Supplied material: Begin

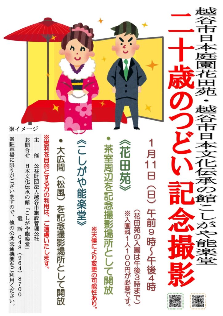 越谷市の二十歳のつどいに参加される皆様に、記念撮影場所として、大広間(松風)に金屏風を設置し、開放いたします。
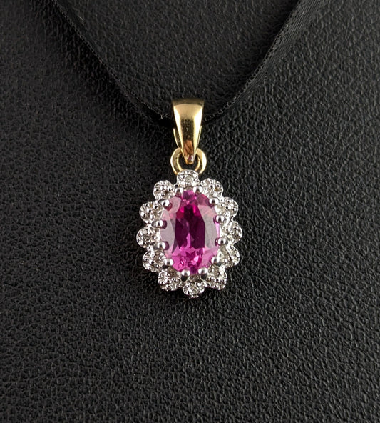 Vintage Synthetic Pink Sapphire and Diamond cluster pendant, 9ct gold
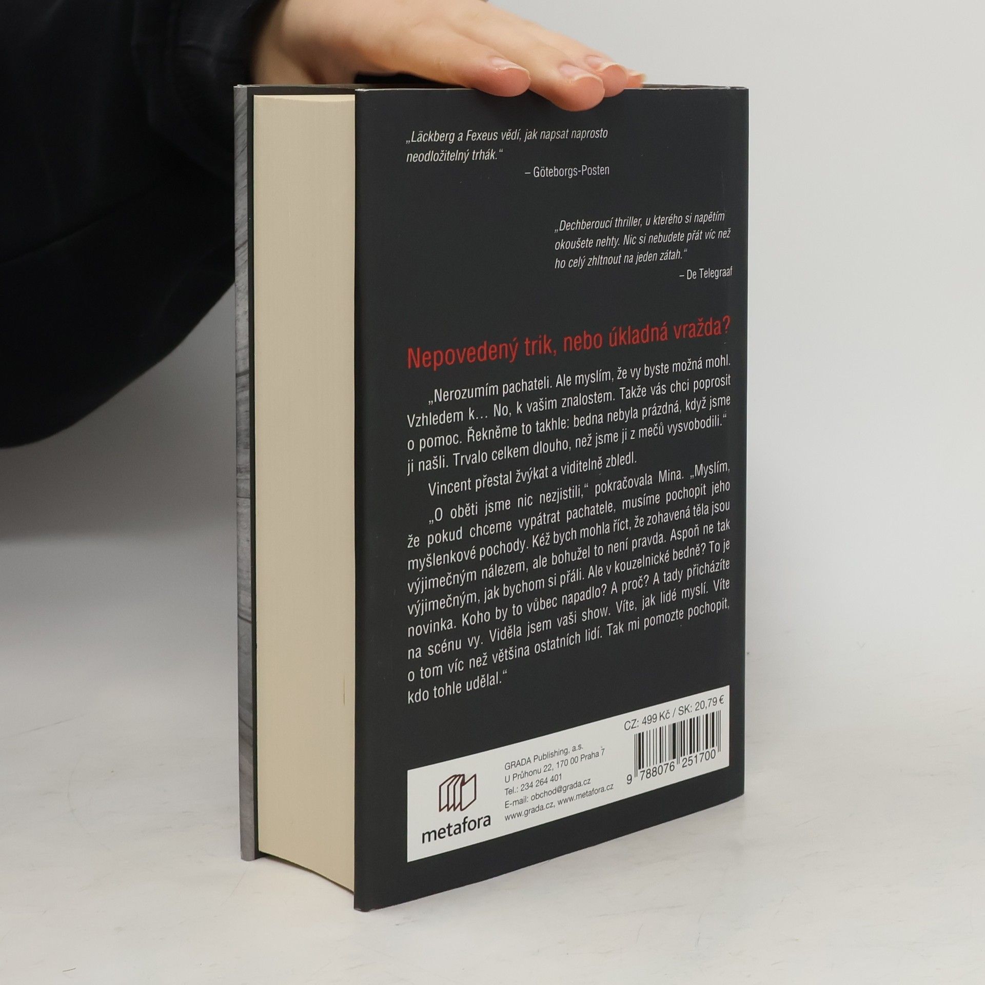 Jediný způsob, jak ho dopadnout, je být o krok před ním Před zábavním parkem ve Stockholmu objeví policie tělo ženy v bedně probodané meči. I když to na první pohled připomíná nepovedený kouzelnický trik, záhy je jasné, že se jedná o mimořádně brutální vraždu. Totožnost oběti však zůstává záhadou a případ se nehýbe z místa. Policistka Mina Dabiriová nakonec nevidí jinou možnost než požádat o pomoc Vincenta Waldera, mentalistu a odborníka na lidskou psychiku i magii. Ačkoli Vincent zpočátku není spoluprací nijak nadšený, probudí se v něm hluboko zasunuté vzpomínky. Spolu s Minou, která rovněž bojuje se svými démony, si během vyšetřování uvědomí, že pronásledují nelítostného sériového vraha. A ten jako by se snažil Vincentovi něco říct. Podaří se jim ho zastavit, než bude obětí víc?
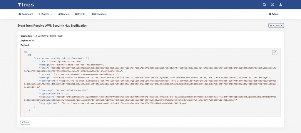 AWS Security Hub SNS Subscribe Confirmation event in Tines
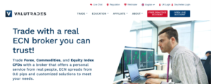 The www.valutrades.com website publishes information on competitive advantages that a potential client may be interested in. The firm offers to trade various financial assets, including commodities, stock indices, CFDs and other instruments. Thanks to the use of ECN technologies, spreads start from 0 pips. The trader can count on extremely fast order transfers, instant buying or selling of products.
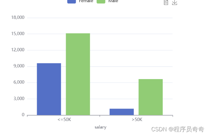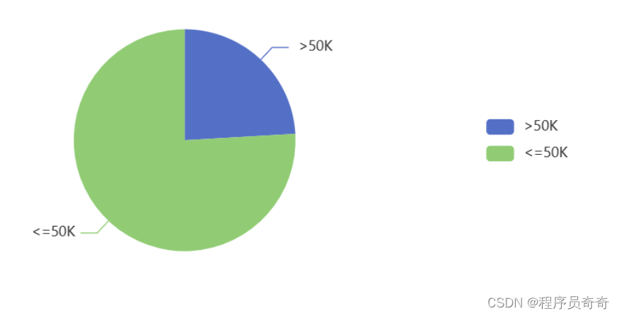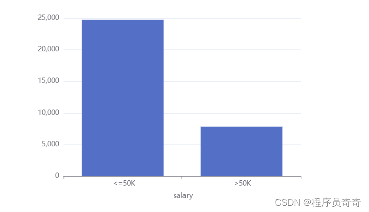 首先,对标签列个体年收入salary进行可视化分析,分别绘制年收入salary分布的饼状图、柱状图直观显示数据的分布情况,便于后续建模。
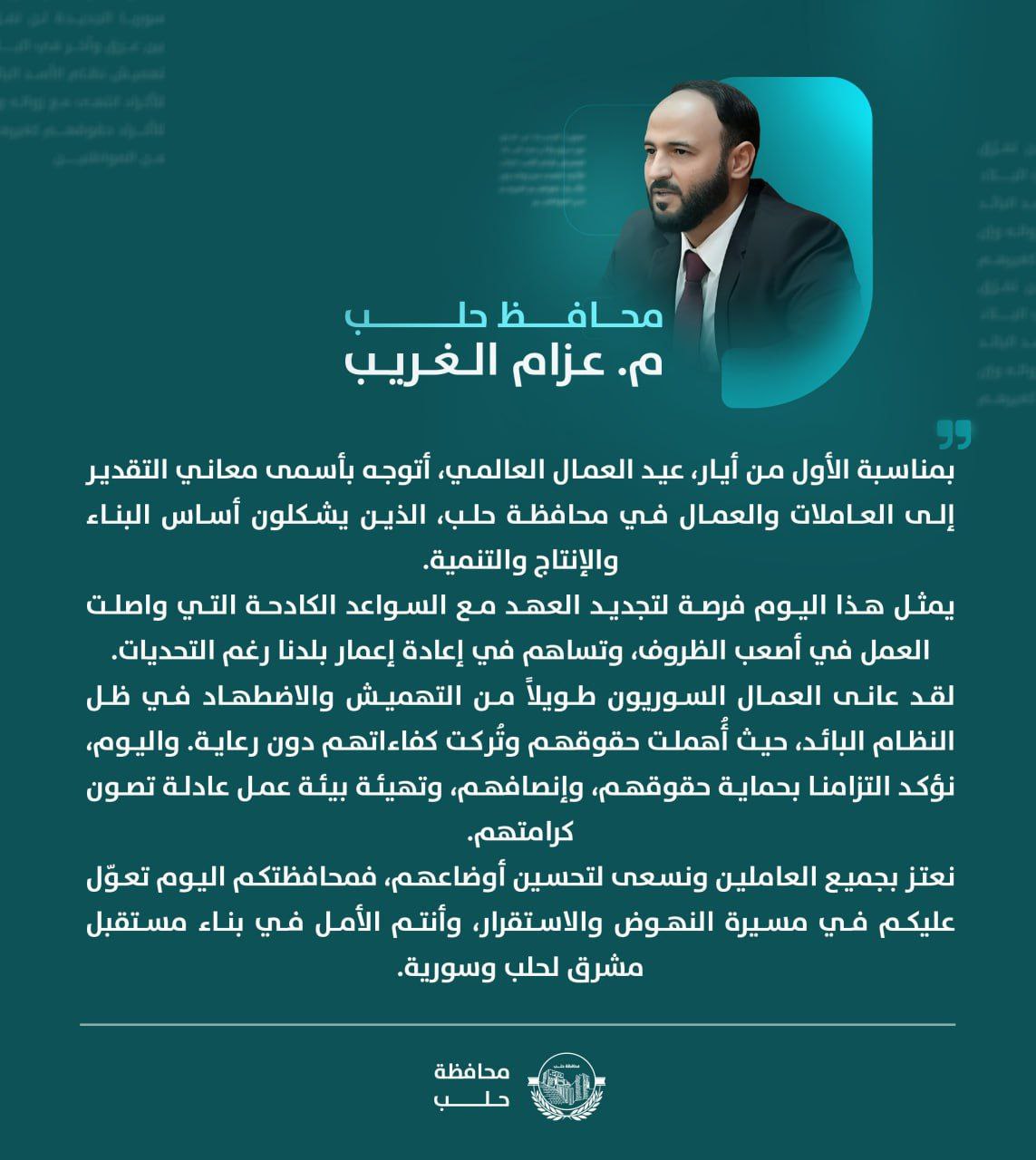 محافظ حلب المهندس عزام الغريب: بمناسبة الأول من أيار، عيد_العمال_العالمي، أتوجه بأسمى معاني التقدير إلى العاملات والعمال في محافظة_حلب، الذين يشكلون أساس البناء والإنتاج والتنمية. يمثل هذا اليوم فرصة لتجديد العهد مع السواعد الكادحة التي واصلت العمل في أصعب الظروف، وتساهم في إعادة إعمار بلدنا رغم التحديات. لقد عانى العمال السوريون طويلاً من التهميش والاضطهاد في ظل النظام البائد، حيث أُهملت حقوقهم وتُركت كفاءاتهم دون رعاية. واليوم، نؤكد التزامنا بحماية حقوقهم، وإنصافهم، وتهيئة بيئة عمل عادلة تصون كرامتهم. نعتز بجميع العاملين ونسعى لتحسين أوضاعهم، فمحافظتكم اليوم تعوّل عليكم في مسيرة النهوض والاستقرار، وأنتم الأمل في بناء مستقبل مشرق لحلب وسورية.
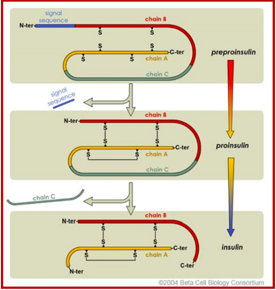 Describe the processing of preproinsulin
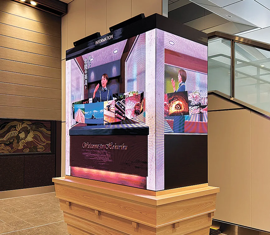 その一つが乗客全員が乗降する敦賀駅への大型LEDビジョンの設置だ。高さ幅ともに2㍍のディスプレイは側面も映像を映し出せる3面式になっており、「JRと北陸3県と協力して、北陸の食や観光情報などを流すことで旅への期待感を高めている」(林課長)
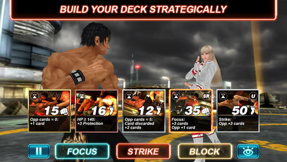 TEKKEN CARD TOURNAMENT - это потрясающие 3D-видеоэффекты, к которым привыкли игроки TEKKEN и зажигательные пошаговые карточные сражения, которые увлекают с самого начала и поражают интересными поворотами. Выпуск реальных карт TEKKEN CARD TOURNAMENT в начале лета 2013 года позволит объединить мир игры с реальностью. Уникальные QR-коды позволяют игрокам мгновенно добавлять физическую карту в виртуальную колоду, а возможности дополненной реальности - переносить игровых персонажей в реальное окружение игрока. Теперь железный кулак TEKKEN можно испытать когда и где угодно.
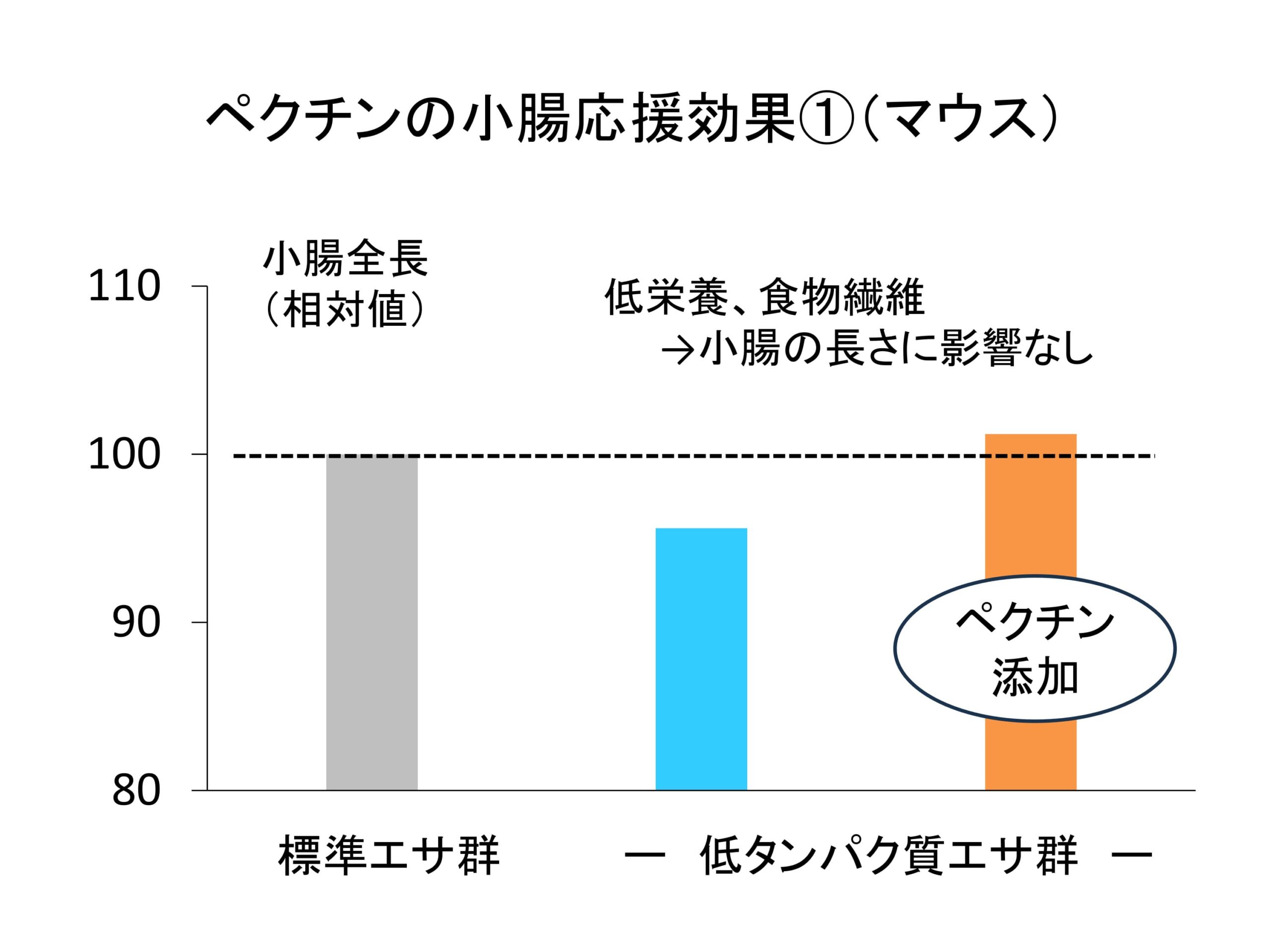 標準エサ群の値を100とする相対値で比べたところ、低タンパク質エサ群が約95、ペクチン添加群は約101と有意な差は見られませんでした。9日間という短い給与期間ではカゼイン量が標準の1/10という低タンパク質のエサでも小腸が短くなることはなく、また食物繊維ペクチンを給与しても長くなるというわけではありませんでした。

Supplied material: End

Look above for the line containing "Describe the processing of preproinsulin", then write out every line from there down to the line containing "その一つが乗客全員が乗降する", that line included, with no pictures.

 Describe the processing of preproinsulin
 その一つが乗客全員が乗降する敦賀駅への大型LEDビジョンの設置だ。高さ幅ともに2㍍のディスプレイは側面も映像を映し出せる3面式になっており、「JRと北陸3県と協力して、北陸の食や観光情報などを流すことで旅への期待感を高めている」(林課長)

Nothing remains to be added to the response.